Das Kondom sei letztendlich nicht der Weg, um die tödliche HIV-Infektion wirklich zu besiegen, wird Benedikt weiter zitiert. Im Kampf gegen Aids brauche es eine "Humanisierung der Sexualität", die bloße Fixierung auf das Präservativ bedeute eine Banalisierung der Sexualität. "Und die ist ja gerade die gefährliche Quelle dafür, dass so viele Menschen in der Sexualität nicht mehr den Ausdruck ihrer Liebe finden, sondern nur noch eine Art von Droge, die sie sich selbst verabreichen", erklärt der Papst mit ungewohnt klaren Worten.

Buch: "Der Papst, die Kirche und die Zeichen der Zeit"
Die Aussagen des früheren Kardinals Joseph Ratzinger sind Bestandteil eines neuen Interview-Buchs des deutschen Journalisten Peter Seewald. Das Werk wird nächste Woche unter dem Titel "Licht der Welt: Der Papst, die Kirche und die Zeichen der Zeit" erscheinen.
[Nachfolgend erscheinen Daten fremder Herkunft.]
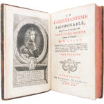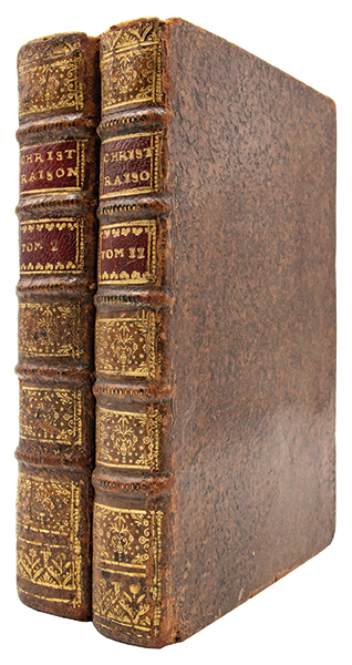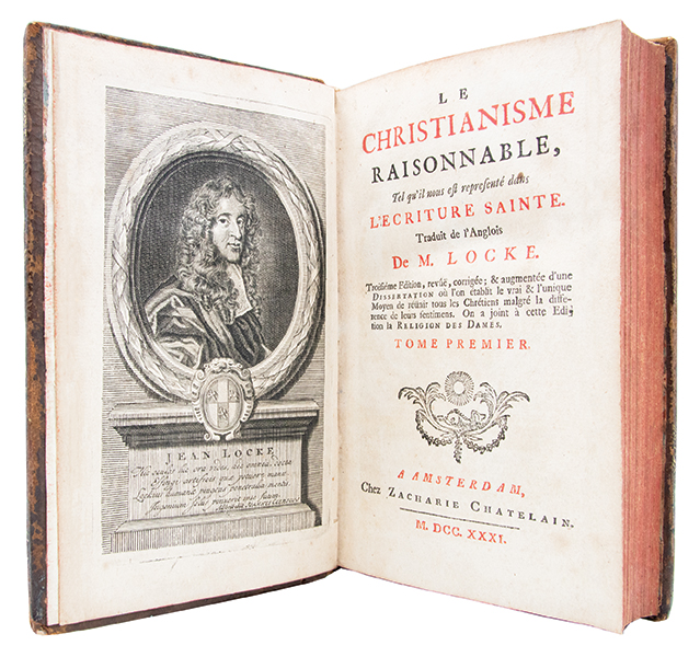 Troisième édition augmentée de la traduction française, par Pierre Coste, de ‘The Reasonableness of Christianity’, édition qui contient « La Religion des Dames » et la « Dissertation sur la réunion des chrétiens ». Plaidoyer en faveur de la tolérance religieuse, louvrage était destiné à fournir un fondement théorique rationnel à une réconciliation religieuse des chrétiens, mais il fut accusé de socianisme et Toland y emprunta des arguments à l’appui de son ‘Christianisme sans mystère’. La traduction de Pierre Coste, protestant français réfugié en Angleterre au moment de la révocation de l’Édit de Nantes, est fidèle au texte original (« fairly faithful »); selon Yolton, le texte français aurait été revu et corrigé par Coste sous la surveillance de Locke lui-même. (Yolton, ‘Locke, A Descriptive Bibliography’, n° 244). Coiffe supérieure d’un volume usée, qqs accrocs et épidermures. Rousseurs éparses. Bon exemplaire.
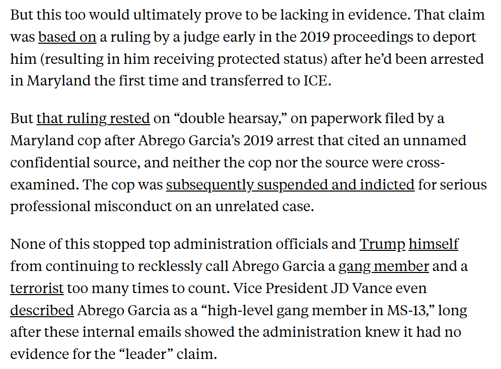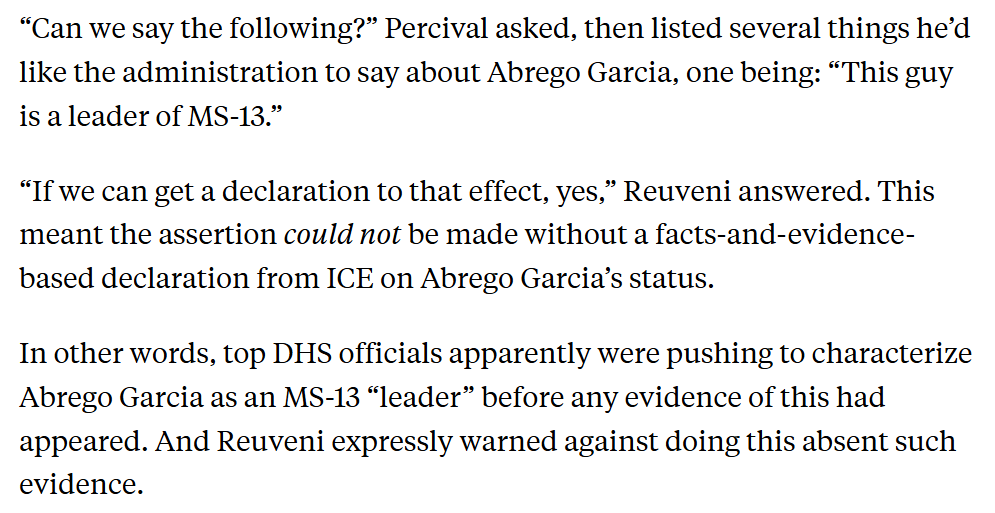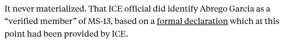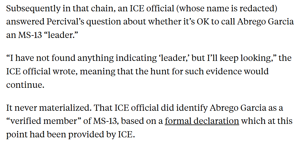 ICE released declaration that he was "verified member" of MS-13, but proof of this never materialized, either. It was rooted in a judge's declaration that proved to be based on incredibly thin evidence. Trump, Vance used this to smear him for months. 5/

Das Buch dürfte noch für weitere Schlagzeilen sorgen. Benedikt äußert sich darin zu einer Reihe weiterer aktueller Fragen, etwa zum Islam. So spricht sich der Papst gegen ein generelles Burka-Verbot aus, wie es inzwischen in Frankreich Gesetz ist und in Österreich öfter diskutiert wird. "Was die Burka angeht, sehe ich keinen Grund für ein generelles Verbot", so der Papst. Niemand könne damit einverstanden sein, wenn die Frauen zum Tragen des Körperschleiers gezwungen werden. "Wenn sie sie aber freiwillig tragen wollen, weiß ich nicht, warum man sie ihnen verbieten muss."

Der Fragesteller bzw. Autor des Buchs, Peter Seewald, ist Papst-Biograf und führte bereits mit Joseph Ratzinger Interviews, als dieser noch Kardinal war. Er durfte den Pontifex im Sommer eine Woche lang in seiner Sommerresidenz jeweils eine Stunde am Tag befragen.